Basis der Lösung bildet nunmehr eine digitale Cloud-Plattform (Abb.), die die Daten von allen in Betrieb befindlichen Maschinen über einen Azure IoT Hub entgegennimmt und weiterverteilt. Bei diesen Daten handelt es sich beispielsweise um Messwerte zur Temperatur in den Kühleinheiten oder Informationen über die Fahrwege der integrierten Greifarme. Erzeugt werden die Daten mittels verschiedener Sensoren und Videokameras im Maschineninneren. Hinzu kommen Grundinformationen, die auf den Maschinen hinterlegt sind, wie etwa die Abmessung und Konfiguration.
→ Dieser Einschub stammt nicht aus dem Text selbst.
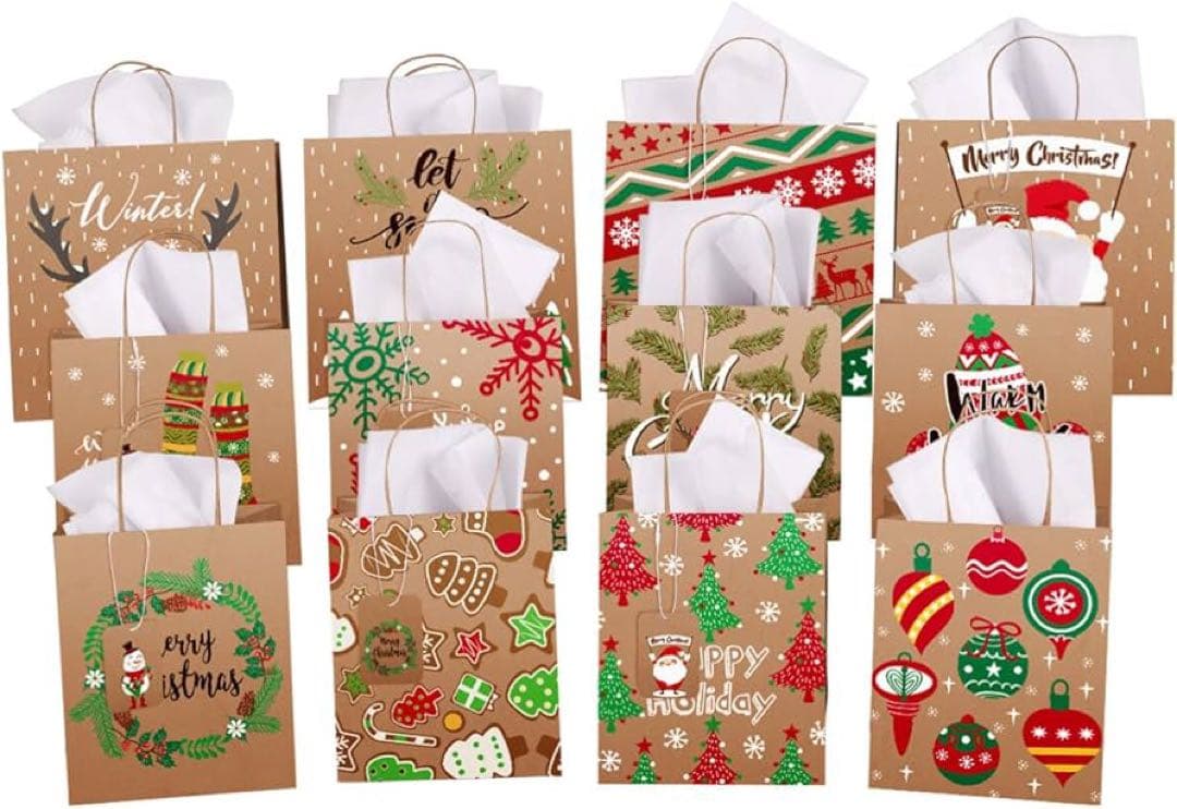 Amazonクリスマス ラッピング 袋 小 12枚入れ4種類 紙袋21cm×15cm×8cm 丸紐 厚手 ギフト 袋 ペーパーバッグ ギフトXMAクリスマスプレゼント パーティー お祝いギフトバッグ・袋文房具・オフィス用品。

Anhand von Routing-Parametern entscheidet der IoT Hub, welche Folgeschritte durchzuführen sind. Das kann die Weiterleitung zu einer API sein, die Ablage in einem Blob Storage oder auch die direkte Information eines Supportmitarbeiters bzw. Kunden. Zudem lässt sich über den IoT Hub ein direkter Rückkanal zu den einzelnen Maschinen abbilden, auf dessen Funktion ich später noch eingehen werde. Indes dient der Blob Storage der Datenablage. So ist sichergestellt, dass die Daten auch zur Verfügung stehen, wenn keine Verbindung zu den Anlagen beim Kunden vor Ort besteht. Gleichzeitig gibt es eine zentrale Quelle, auf die jeder Supportmitarbeiter zugreifen kann, ohne eine direkte Verbindung zu den Anlagen herstellen zu müssen. Abgerundet wird der Lösungsaufbau durch die Anbindung des unternehmenseigenen CRMs. Denn: Meist müssen Sie Echtzeitdaten noch durch Stammdaten anreichern, damit sie verständlich sind und die erforderliche Aussagekraft erhalten.
2. Übertragung der Daten
Je nach Bedarf erfolgt der Datenversand von den Maschinen:
- zeitgesteuert
- eventbasiert
- oder kontinuierlich.
Zeitgesteuert werden vor allem die Stammdaten der Maschinen versendet, wie Konfiguration, Ausbaustufe oder kumulierte Statistiken. Diese werden nächtlich erstellt und jeden Tag einmal übertragen. Ein eventbasierter Versand erfolgt primär bei Fehlern. Das können herkömmliche Benachrichtigungen über das System sein. Es kann sich aber auch um Logfile-Listen rund um einen Fehler handeln. Eine kontinuierliche Übertragung erfolgt schließlich bei kritischen Daten, wie zum Beispiel den Temperaturen der Kühlschränke. Das System gleicht den entsprechenden Datenfluss laufend mit den gesetzlichen Grenzwerten ab. Abweichungen lösen umgehend eine Benachrichtigung aus, sodass direkt gehandelt werden kann. Im Gegenzug können sich die Supportmitarbeiter über die kontinuierliche Verbindung auch live auf die Maschinen aufschalten. Hierzu stellt der IoT Hub eine gesicherte Verbindung zwischen der Maschine und dem betreffenden Rechner her. In der Folge erhält der Nutzer den Zugriff auf den in der Maschine integrierten Computer wie auch die an den Greifarmen installierten Kameras.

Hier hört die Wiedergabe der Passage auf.